---------- Supplied records ----------
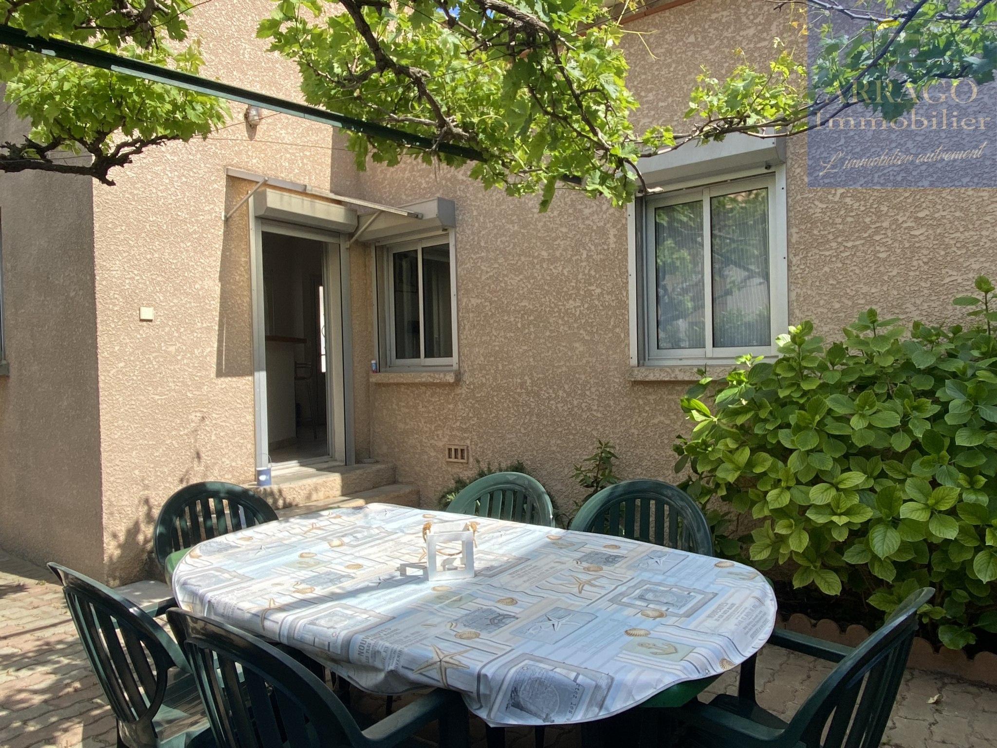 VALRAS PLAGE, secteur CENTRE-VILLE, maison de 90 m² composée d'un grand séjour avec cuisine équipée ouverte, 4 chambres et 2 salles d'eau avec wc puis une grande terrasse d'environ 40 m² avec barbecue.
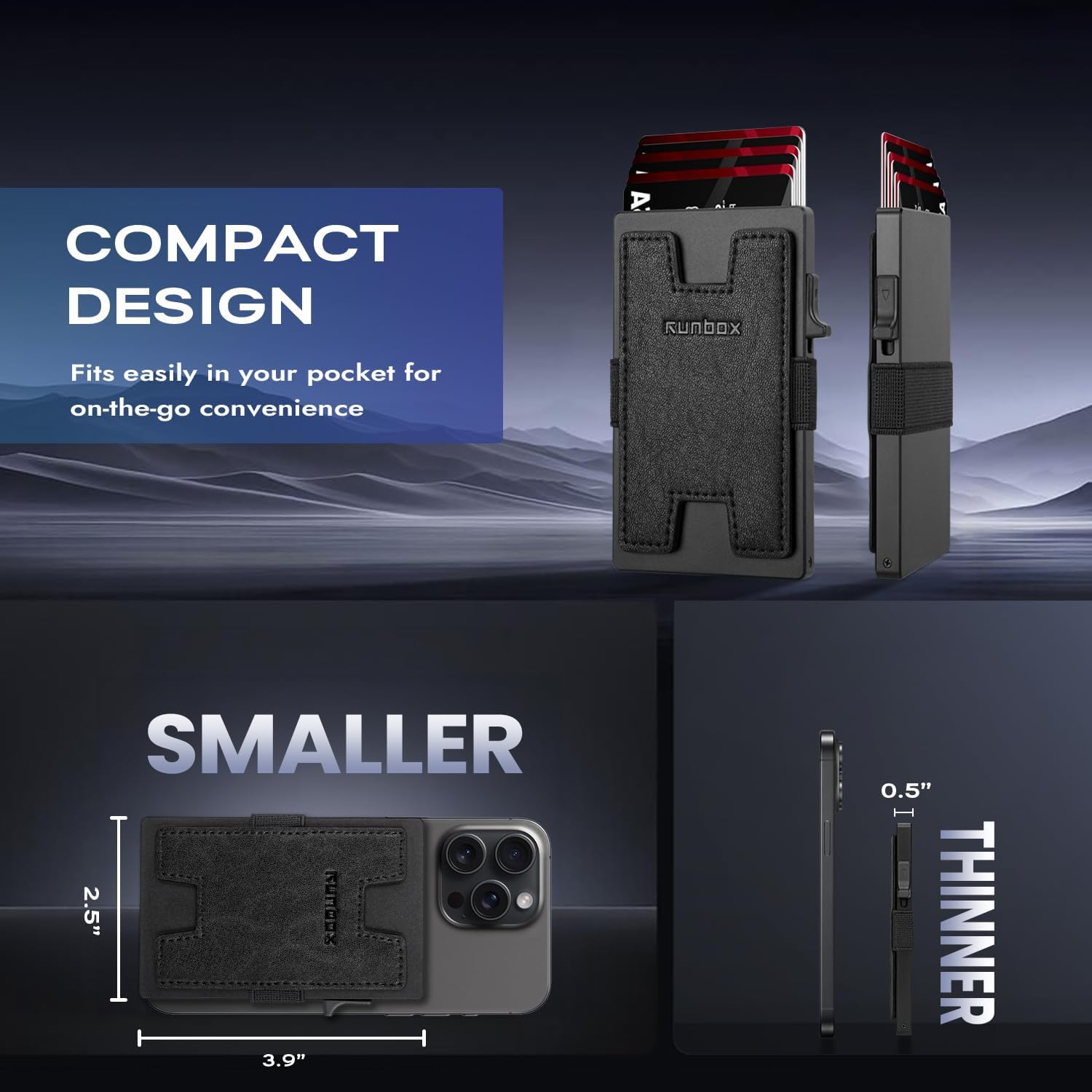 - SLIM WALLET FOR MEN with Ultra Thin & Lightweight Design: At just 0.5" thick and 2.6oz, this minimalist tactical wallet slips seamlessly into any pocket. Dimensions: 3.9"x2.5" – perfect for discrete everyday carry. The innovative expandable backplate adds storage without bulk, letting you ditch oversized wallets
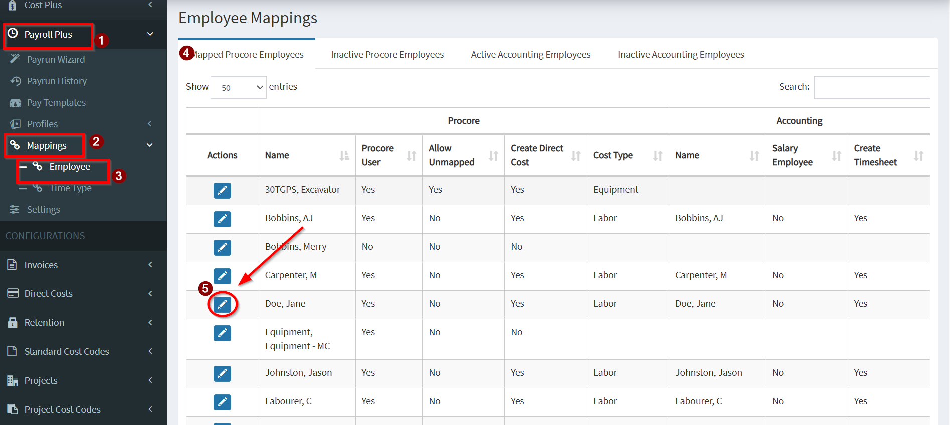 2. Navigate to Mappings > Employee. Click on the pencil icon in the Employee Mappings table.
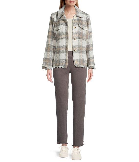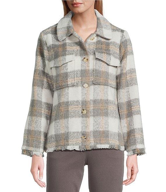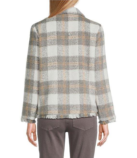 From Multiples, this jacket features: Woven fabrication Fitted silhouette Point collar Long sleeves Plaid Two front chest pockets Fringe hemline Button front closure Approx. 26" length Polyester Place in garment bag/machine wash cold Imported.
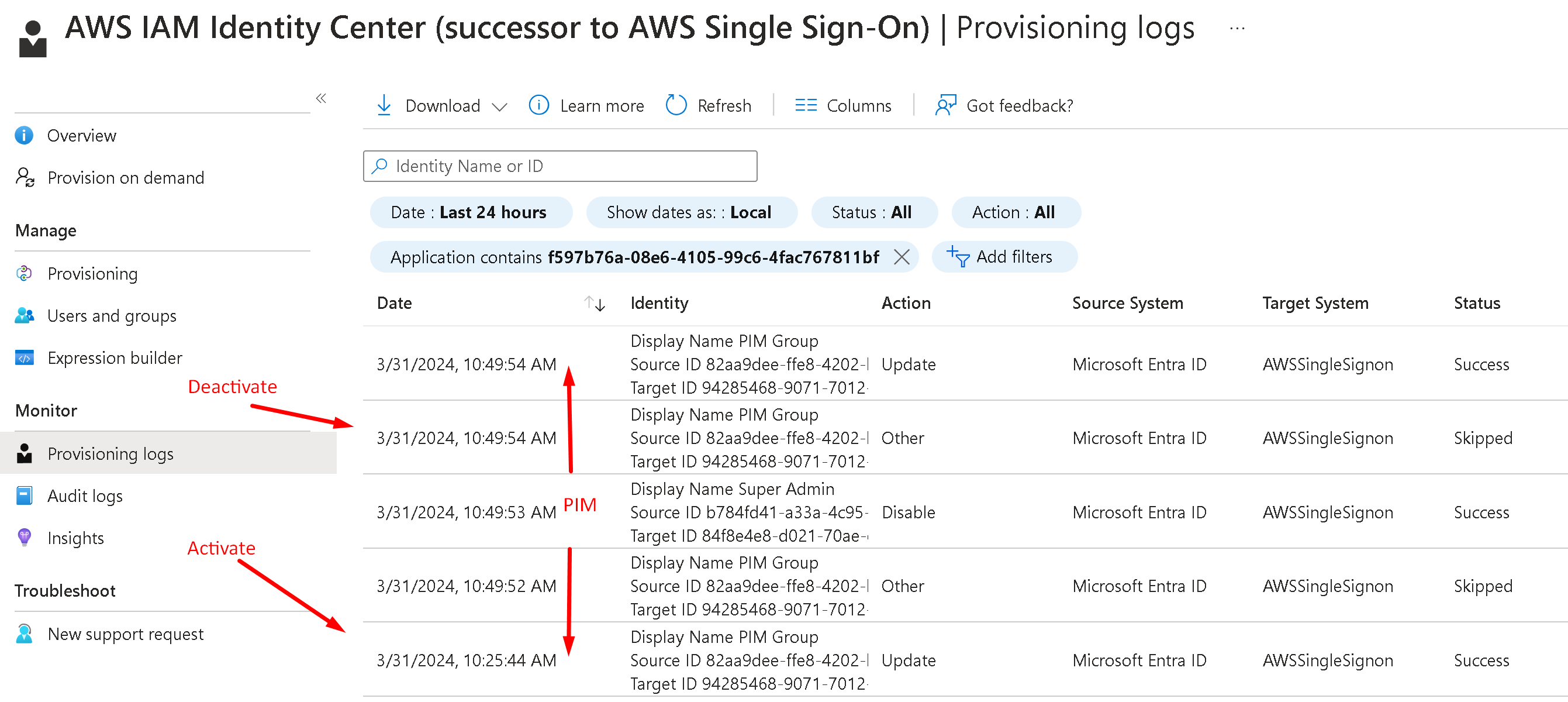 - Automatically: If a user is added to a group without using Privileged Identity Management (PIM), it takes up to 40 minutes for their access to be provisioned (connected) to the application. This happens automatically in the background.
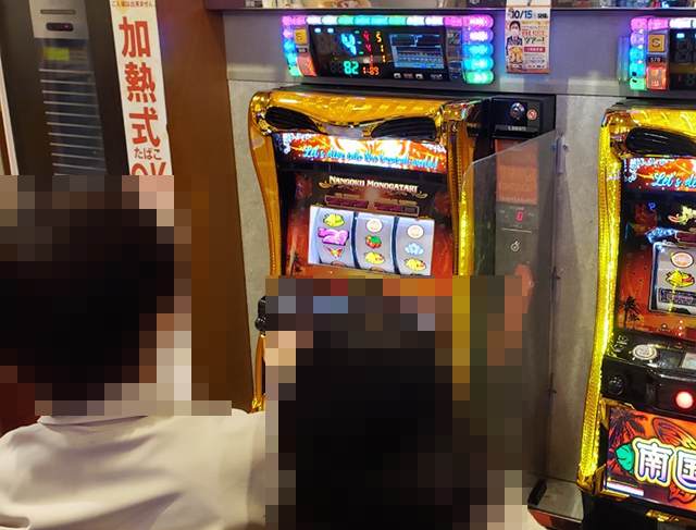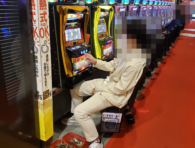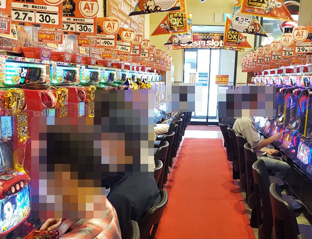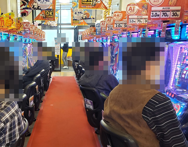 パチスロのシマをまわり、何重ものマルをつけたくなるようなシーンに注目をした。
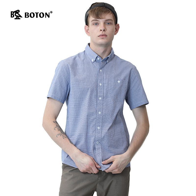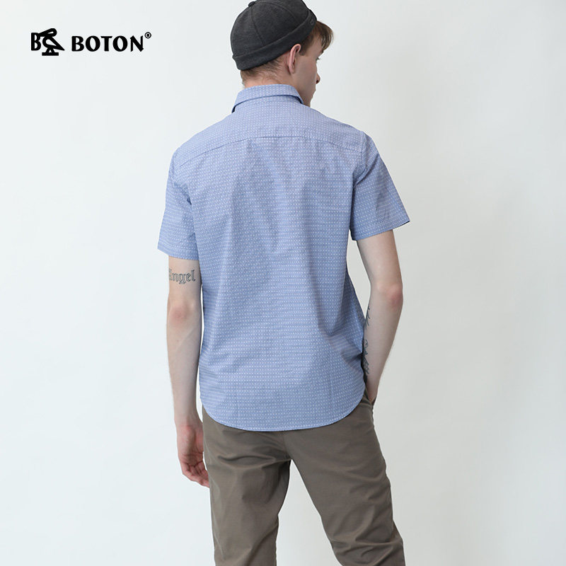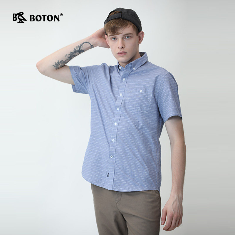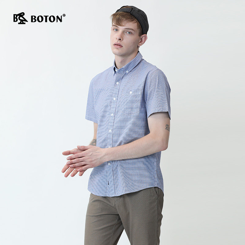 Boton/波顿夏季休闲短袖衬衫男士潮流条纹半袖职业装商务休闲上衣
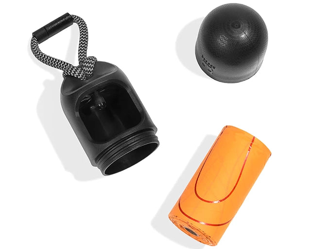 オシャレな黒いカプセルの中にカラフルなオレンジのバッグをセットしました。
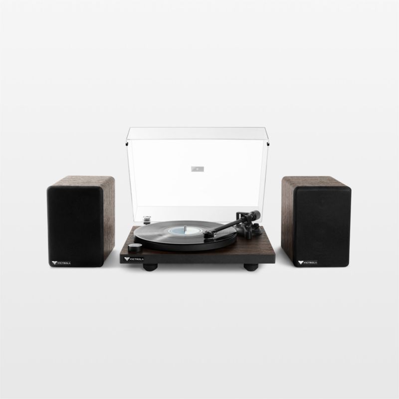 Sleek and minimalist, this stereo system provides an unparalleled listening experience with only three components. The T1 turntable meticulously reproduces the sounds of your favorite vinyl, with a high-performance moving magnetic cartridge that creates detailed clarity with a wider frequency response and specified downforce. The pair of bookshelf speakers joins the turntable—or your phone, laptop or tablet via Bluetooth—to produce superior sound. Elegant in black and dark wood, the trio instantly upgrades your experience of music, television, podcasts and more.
----------
* _Required action_
Output exactly the lines above that lie between the line with "Boton/波顿夏季休闲短袖衬衫男士潮流条纹半袖职业装商务休闲上衣" and the line with "オシャレな黒いカプセルの中にカラフルなオレンジのバッグをセットしました。", those two lines included, and no pictures.

* _Completed task_
 Boton/波顿夏季休闲短袖衬衫男士潮流条纹半袖职业装商务休闲上衣
 オシャレな黒いカプセルの中にカラフルなオレンジのバッグをセットしました。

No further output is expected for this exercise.